• [What to do]
Copy nothing but the lines below, from the one with "The collection is" through the one with "临高县各镇分管就业工作领导、", exactly as written; no pictures should appear.

• [Given records]
┄┄┄┄┄┄┄┄┄┄┄┄┄┄┄┄┄┄┄┄

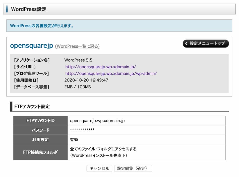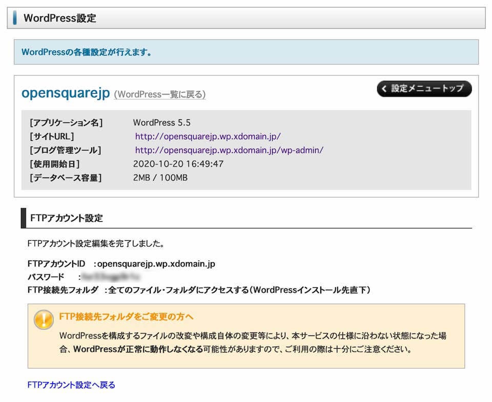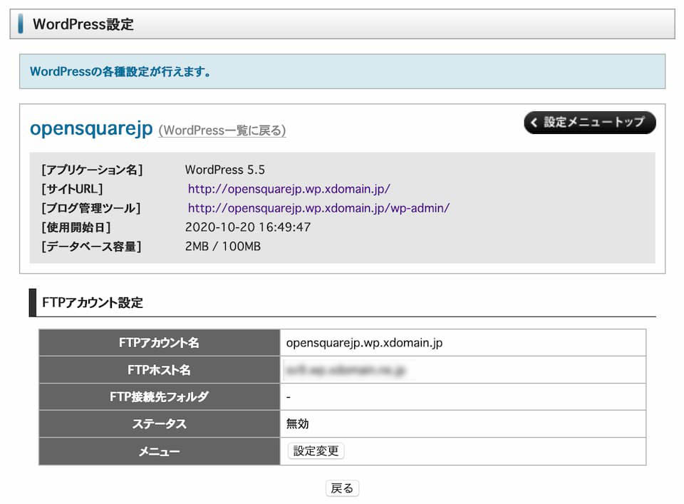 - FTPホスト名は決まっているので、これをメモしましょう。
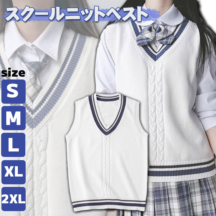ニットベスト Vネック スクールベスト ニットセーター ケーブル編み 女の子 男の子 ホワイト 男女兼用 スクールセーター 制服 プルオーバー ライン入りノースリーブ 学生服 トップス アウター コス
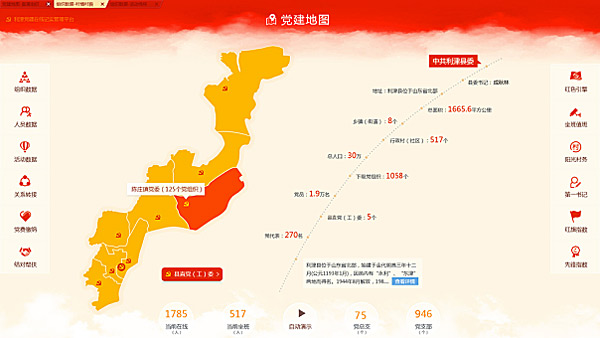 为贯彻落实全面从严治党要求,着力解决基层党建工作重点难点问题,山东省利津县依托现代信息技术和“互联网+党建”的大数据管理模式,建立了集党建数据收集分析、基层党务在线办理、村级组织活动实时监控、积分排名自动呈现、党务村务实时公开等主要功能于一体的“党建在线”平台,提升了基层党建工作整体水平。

┄┄┄┄┄┄┄┄┄┄┄┄┄┄┄┄┄┄┄┄

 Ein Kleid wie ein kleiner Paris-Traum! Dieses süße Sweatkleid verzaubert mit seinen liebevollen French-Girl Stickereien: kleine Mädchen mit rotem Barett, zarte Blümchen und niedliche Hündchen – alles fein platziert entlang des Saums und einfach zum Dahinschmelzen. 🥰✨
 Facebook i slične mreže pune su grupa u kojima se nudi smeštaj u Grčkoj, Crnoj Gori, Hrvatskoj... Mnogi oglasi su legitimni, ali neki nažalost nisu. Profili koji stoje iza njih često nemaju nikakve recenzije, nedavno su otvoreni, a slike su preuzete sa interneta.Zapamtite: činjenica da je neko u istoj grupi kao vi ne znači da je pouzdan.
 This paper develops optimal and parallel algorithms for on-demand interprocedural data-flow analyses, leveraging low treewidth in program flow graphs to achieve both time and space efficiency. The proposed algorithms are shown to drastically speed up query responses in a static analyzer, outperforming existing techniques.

┄┄┄┄┄┄┄┄┄┄┄┄┄┄┄┄┄┄┄┄

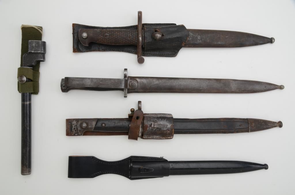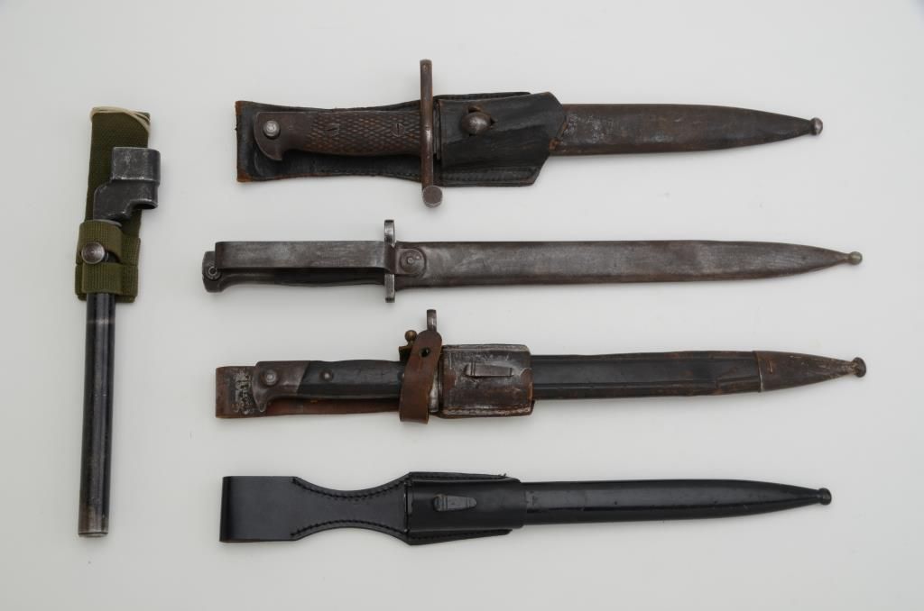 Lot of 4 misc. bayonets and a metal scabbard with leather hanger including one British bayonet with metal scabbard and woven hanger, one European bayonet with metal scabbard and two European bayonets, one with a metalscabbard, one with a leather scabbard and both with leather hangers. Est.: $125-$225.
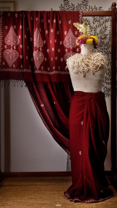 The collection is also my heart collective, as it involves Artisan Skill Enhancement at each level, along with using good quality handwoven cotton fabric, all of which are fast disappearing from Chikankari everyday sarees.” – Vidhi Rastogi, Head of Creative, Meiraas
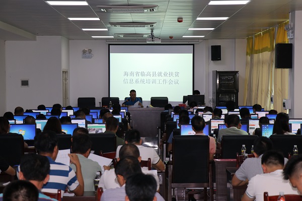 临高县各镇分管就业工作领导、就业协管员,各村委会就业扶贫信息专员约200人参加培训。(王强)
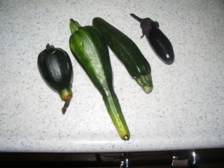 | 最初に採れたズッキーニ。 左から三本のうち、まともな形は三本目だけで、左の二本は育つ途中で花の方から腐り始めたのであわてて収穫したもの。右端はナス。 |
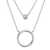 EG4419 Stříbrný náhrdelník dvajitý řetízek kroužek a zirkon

┄┄┄┄┄┄┄┄┄┄┄┄┄┄┄┄┄┄┄┄

• [Answer to the exercise]
 The collection is also my heart collective, as it involves Artisan Skill Enhancement at each level, along with using good quality handwoven cotton fabric, all of which are fast disappearing from Chikankari everyday sarees.” – Vidhi Rastogi, Head of Creative, Meiraas
 临高县各镇分管就业工作领导、就业协管员,各村委会就业扶贫信息专员约200人参加培训。(王强)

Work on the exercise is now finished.